Genellikle embriyo transferi oldukça kısa süren, acısız bir işlemdir. Streil bir ortamda gerçekleştirilmesi gerektiği için embriyo transferi ameliyathanede yapılmaktadır. Tüp bebek transferi yapıldıktan sonra 7 ile 12 gün arasında bir süre beklenmesi gerekmektedir. Genellikle gebelik oluşup oluşmadığını anlamanın tam süresi 12 gündür. 12 günden evvel yapılan gebelik testlerinin çoğu negatif sonuç vermektedir. 12 günden evvel yapılan gebelik testlerinde görülen negatif sonuçlar yüzünden hasta kendisini strese sokar ve bu durumda onun oldukça negatif hissetmesine yol açmaktadır.

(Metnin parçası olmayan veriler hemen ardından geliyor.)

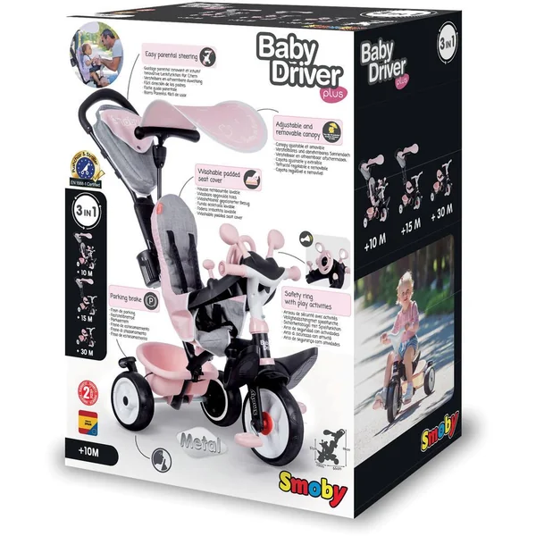 Le Baby Driver allie sécurité, confort et jeu. Ce nouveau modèle ‘Plus’ est encore plus rassurant et plus complet. Il est doté d’un frein de parking, très utile et surtout sécurisant, ainsi que d’un dossier plus haut pour un meilleur maintient. Ce modèle est conforme à la norme poussette EN1888-1. Évolutif de 10 mois à plus de 3 ans. Canne directionnelle intuitive : Une simple pression d’un côté ou de l’autre permet de faire tourner la roue avant. Frein de parking. Siège avec repose-tête et harnais de sécurité 5 points (transformable en simple ceinture). Housse rembourrée confortable, amovible et lavable. Repose-pieds ergonomique et rétractable. Sac amovible avec poignée. Crochet porte-sac à l’arrière de la canne parentale. Roues silencieuses et increvables (EVA).

Tüm bu süreçte bazı belirtiler açığa çıkabilmektedir ancak hepsininde gebelik belirtisi olup olmadığı anca 12 gün sonunda açığa çıkmaktadır.
Bu süreçte yağlı yiyeceklerden, alkol ve sigaradan uzak durulması tembih edilmektedir. 12 gün sonunda ise Beta HCG denilen bir hormona bakılmaktadır. Bu hormon gebeliğin oluşup oluşmadığını gösteren bir hormondur. Beta HCG hormonu vücutta progesteron adlı bir hormonun salgılanmasını sağlar. Progesteron hormonu sayesinde anne adayının düşük yapması engellenir. Beta HCG hormonu gebelik oluştuğu takdirde salgılanan bir hormondur. Bu sayede yapılan testlerde Beta HCG hormonuna bakılmaktadır. Embriyo transferinden sonra geçen belli süreden sonra testler sırasında Beta HCG hormonu var ise embriyo tutunabilmiş demektir. Bu durum da hastanın gebe olduğunu göstermektedir. Ultrasonla rahme yerleştirilen embriyo daha sonra başka bir yerde rahme tutunmuş olabilir. Gebelik sağlandığı takdirde tekrar ultrason muayenesinde embriyonun yeri saptanabilmektedir.